Exercise inputs:

▬▬▬

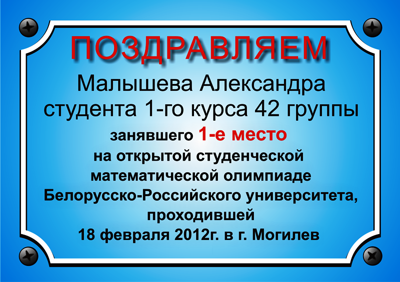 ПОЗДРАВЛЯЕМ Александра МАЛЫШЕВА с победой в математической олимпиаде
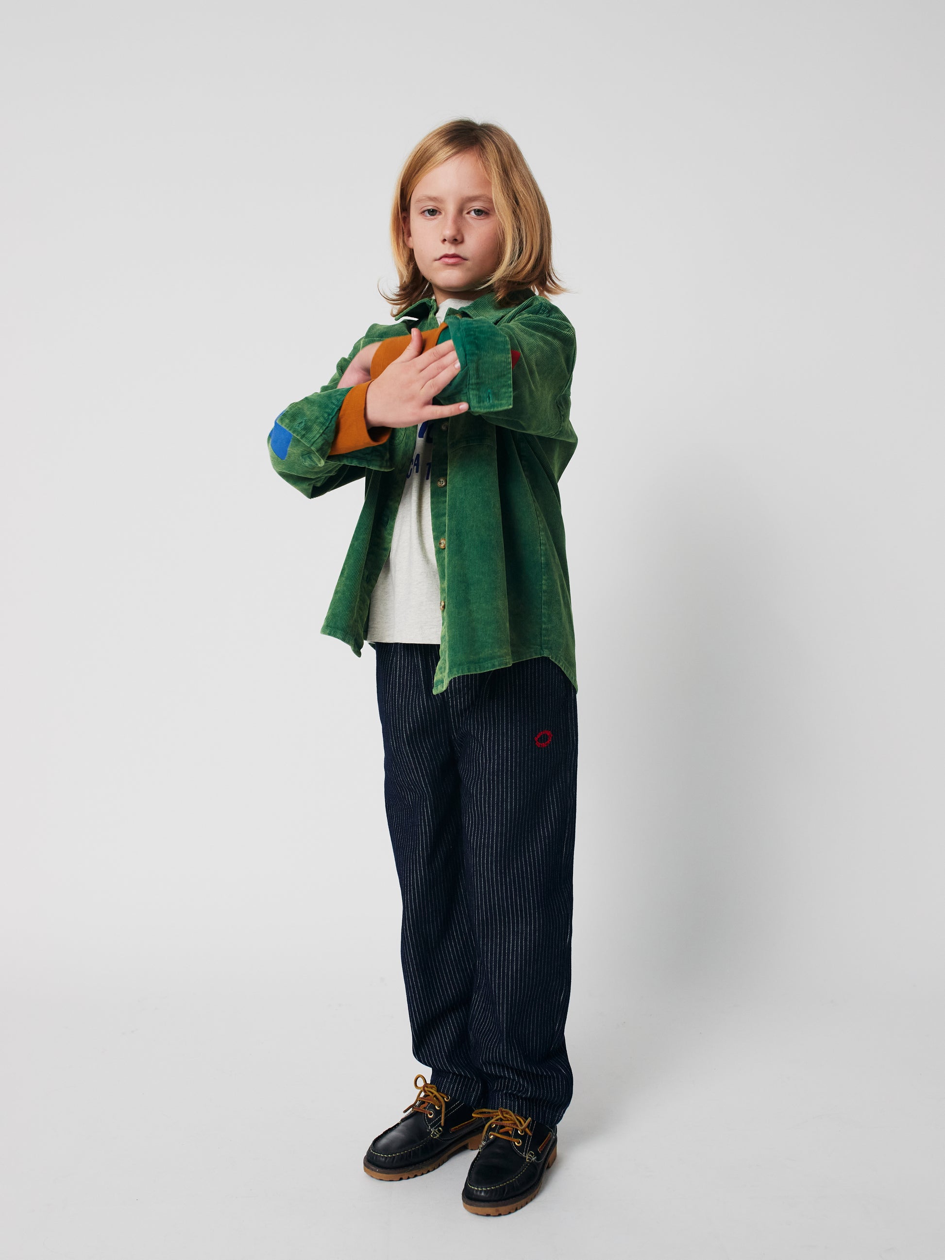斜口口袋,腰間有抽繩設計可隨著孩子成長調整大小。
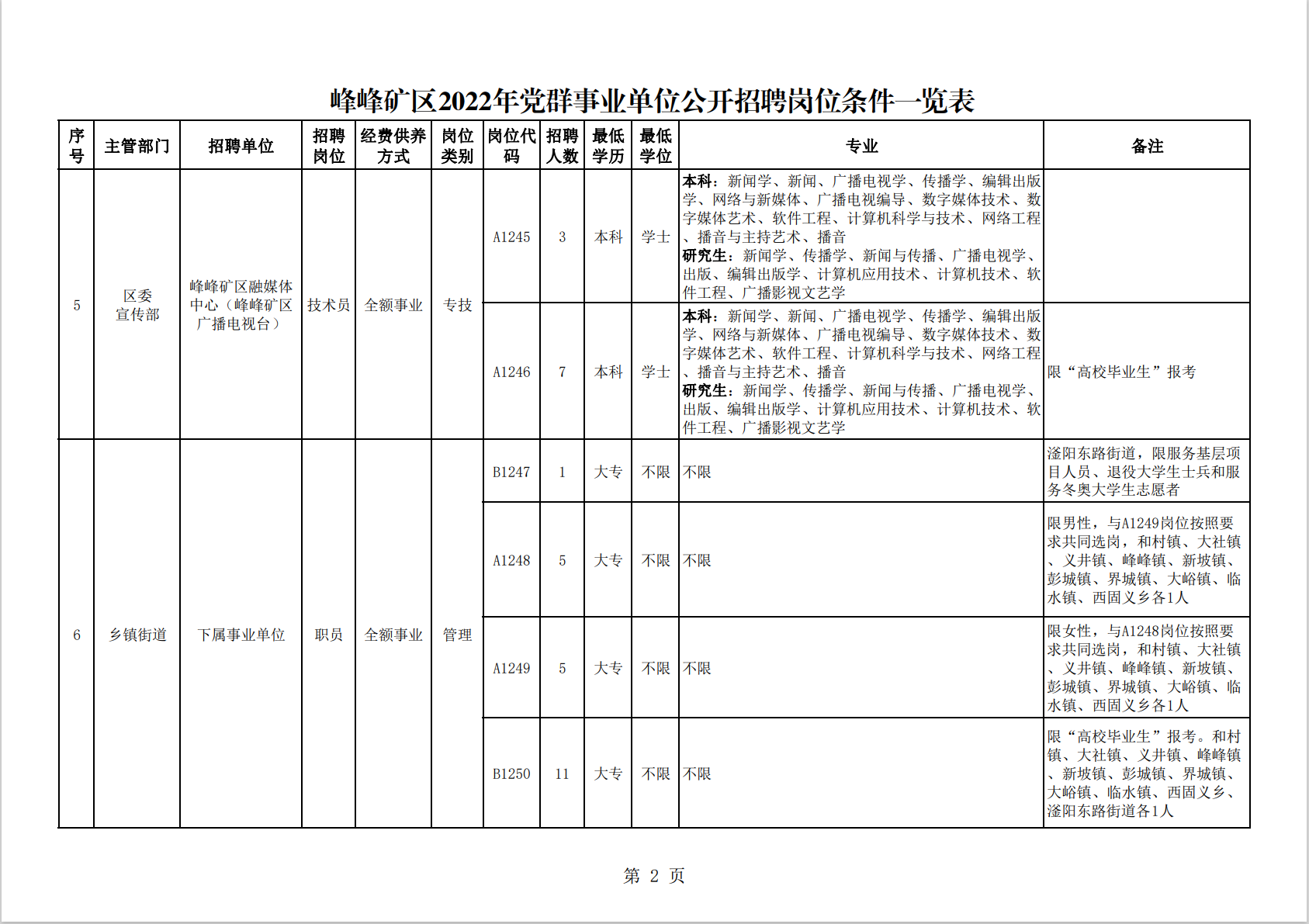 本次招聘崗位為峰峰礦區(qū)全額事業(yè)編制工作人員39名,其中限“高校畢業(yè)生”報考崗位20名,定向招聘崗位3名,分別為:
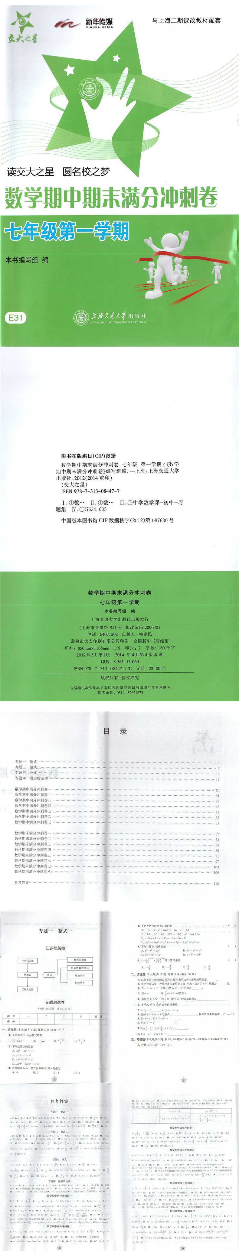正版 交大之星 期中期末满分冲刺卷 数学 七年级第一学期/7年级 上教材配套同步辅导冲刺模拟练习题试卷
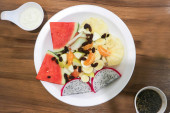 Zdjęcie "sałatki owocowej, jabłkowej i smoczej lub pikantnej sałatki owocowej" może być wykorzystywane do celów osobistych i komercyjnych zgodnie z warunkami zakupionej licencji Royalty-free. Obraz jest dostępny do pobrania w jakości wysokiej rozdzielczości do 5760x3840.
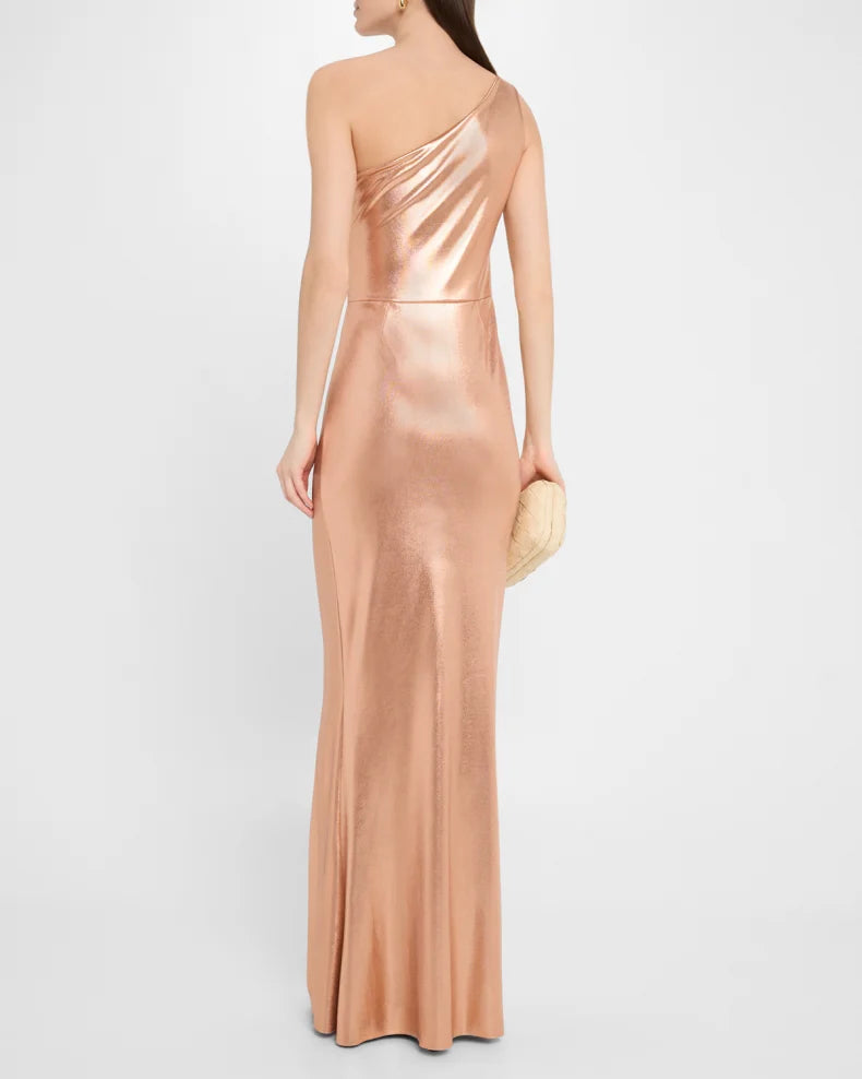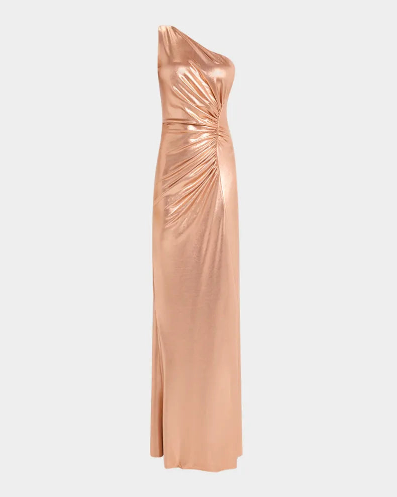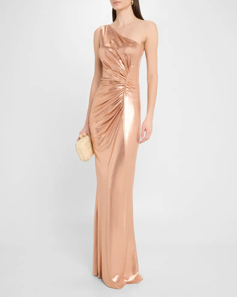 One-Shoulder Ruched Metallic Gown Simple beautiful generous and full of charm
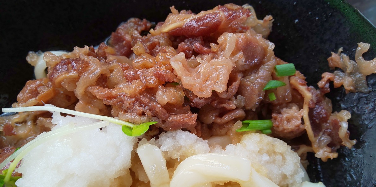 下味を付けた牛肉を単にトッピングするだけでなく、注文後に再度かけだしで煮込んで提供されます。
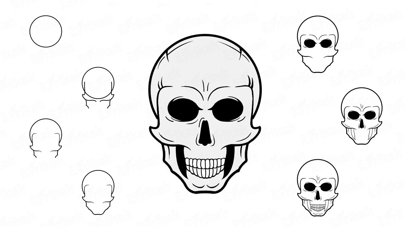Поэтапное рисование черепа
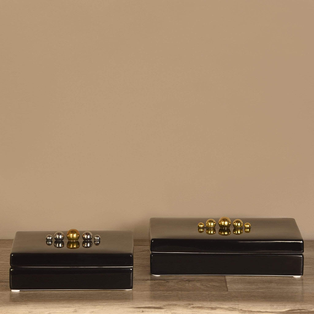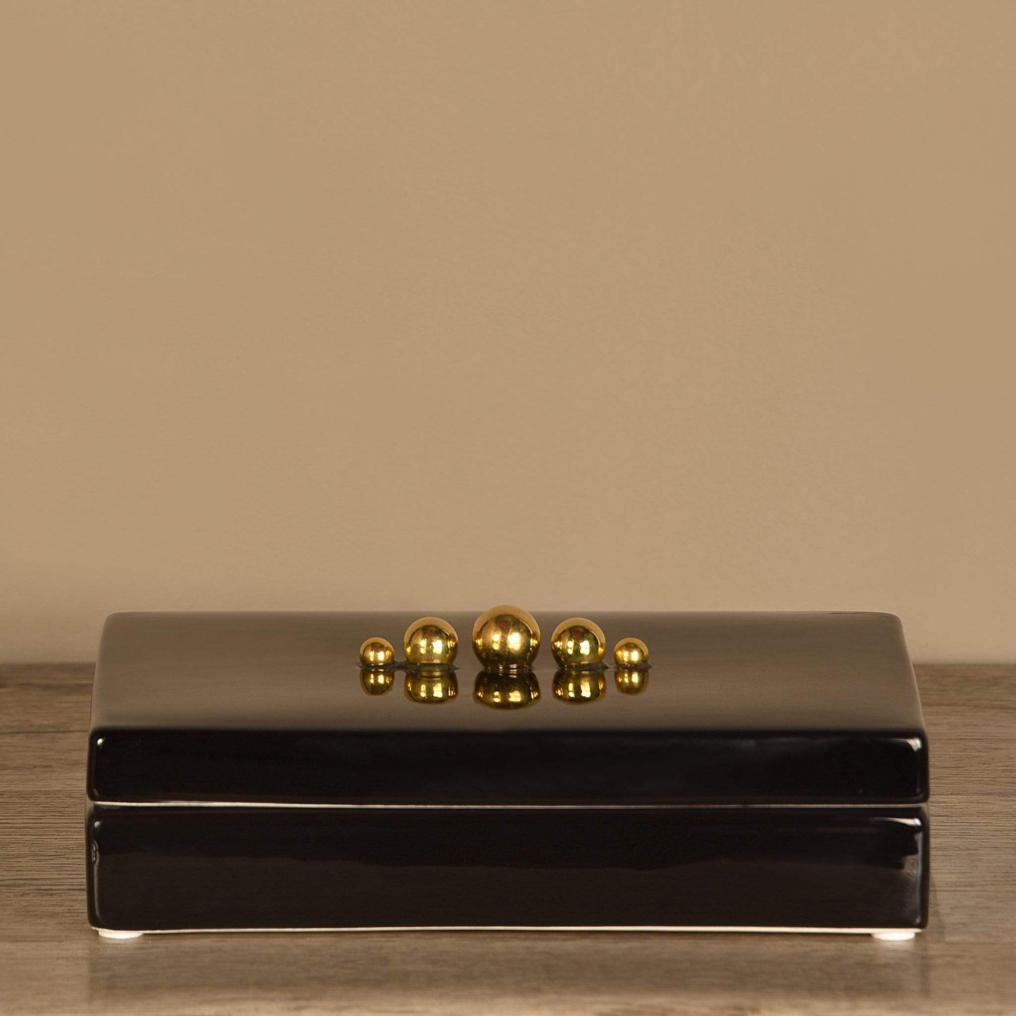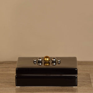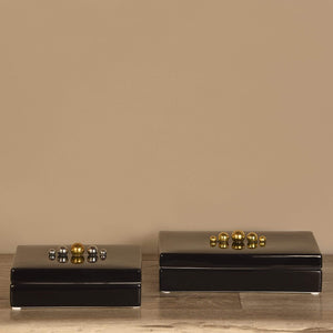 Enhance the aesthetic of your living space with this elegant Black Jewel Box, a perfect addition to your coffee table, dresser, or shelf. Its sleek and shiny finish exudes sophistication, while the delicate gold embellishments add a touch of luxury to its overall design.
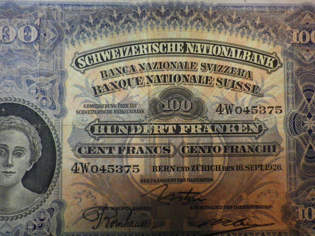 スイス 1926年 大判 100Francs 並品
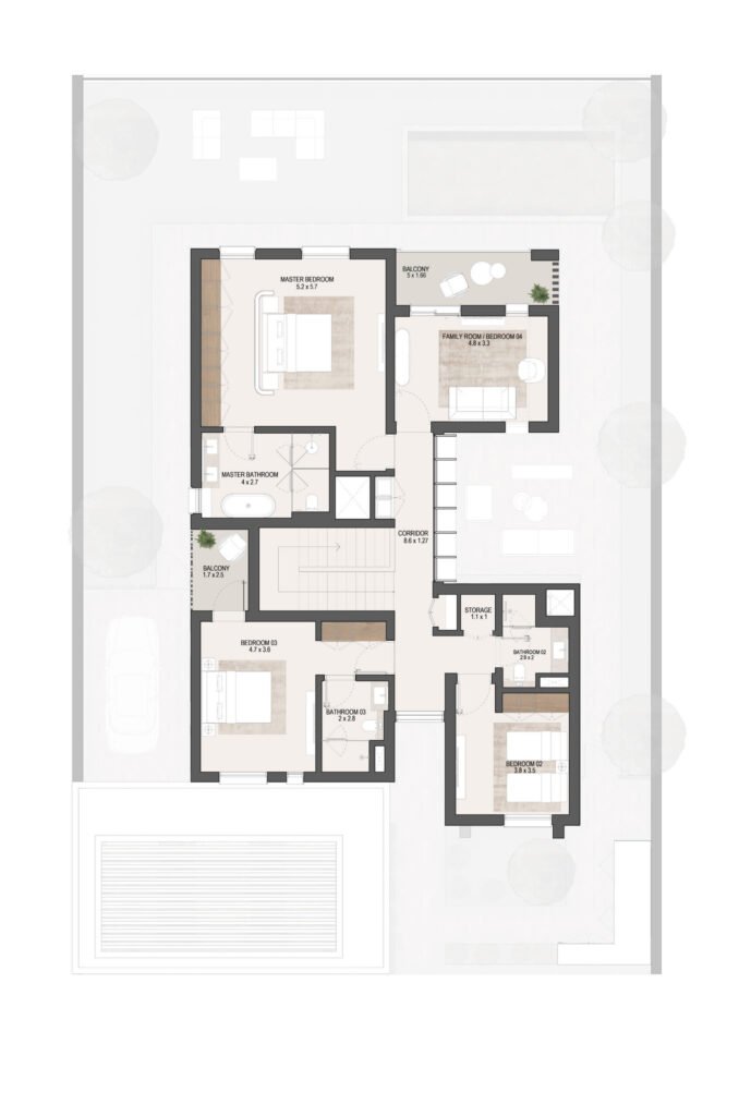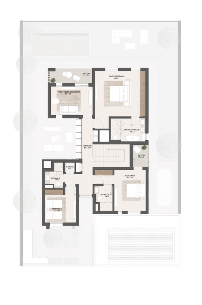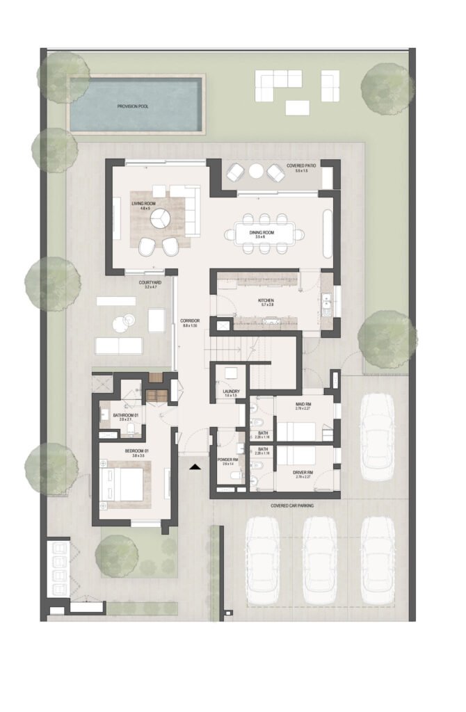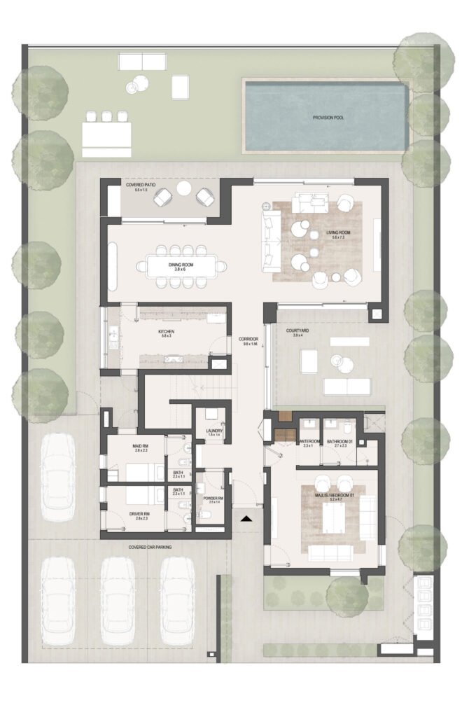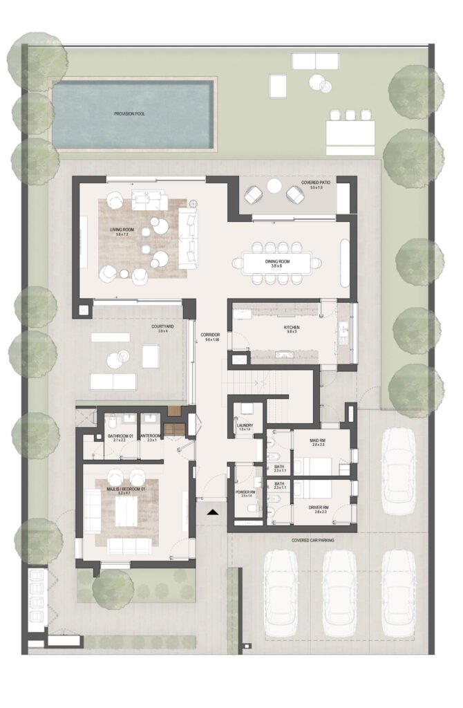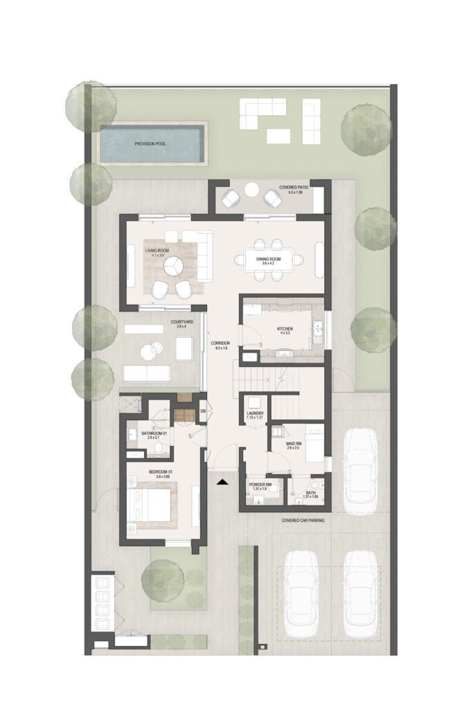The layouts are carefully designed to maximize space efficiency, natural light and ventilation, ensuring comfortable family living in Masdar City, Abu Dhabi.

▬▬▬

Your task:
The records shown above are to be repeated exactly, with the pictures left out.

Response:
 ПОЗДРАВЛЯЕМ Александра МАЛЫШЕВА с победой в математической олимпиаде
斜口口袋,腰間有抽繩設計可隨著孩子成長調整大小。
 本次招聘崗位為峰峰礦區(qū)全額事業(yè)編制工作人員39名,其中限“高校畢業(yè)生”報考崗位20名,定向招聘崗位3名,分別為:
正版 交大之星 期中期末满分冲刺卷 数学 七年级第一学期/7年级 上教材配套同步辅导冲刺模拟练习题试卷
 Zdjęcie "sałatki owocowej, jabłkowej i smoczej lub pikantnej sałatki owocowej" może być wykorzystywane do celów osobistych i komercyjnych zgodnie z warunkami zakupionej licencji Royalty-free. Obraz jest dostępny do pobrania w jakości wysokiej rozdzielczości do 5760x3840.
 One-Shoulder Ruched Metallic Gown Simple beautiful generous and full of charm
 下味を付けた牛肉を単にトッピングするだけでなく、注文後に再度かけだしで煮込んで提供されます。
Поэтапное рисование черепа
 Enhance the aesthetic of your living space with this elegant Black Jewel Box, a perfect addition to your coffee table, dresser, or shelf. Its sleek and shiny finish exudes sophistication, while the delicate gold embellishments add a touch of luxury to its overall design.
 スイス 1926年 大判 100Francs 並品
The layouts are carefully designed to maximize space efficiency, natural light and ventilation, ensuring comfortable family living in Masdar City, Abu Dhabi.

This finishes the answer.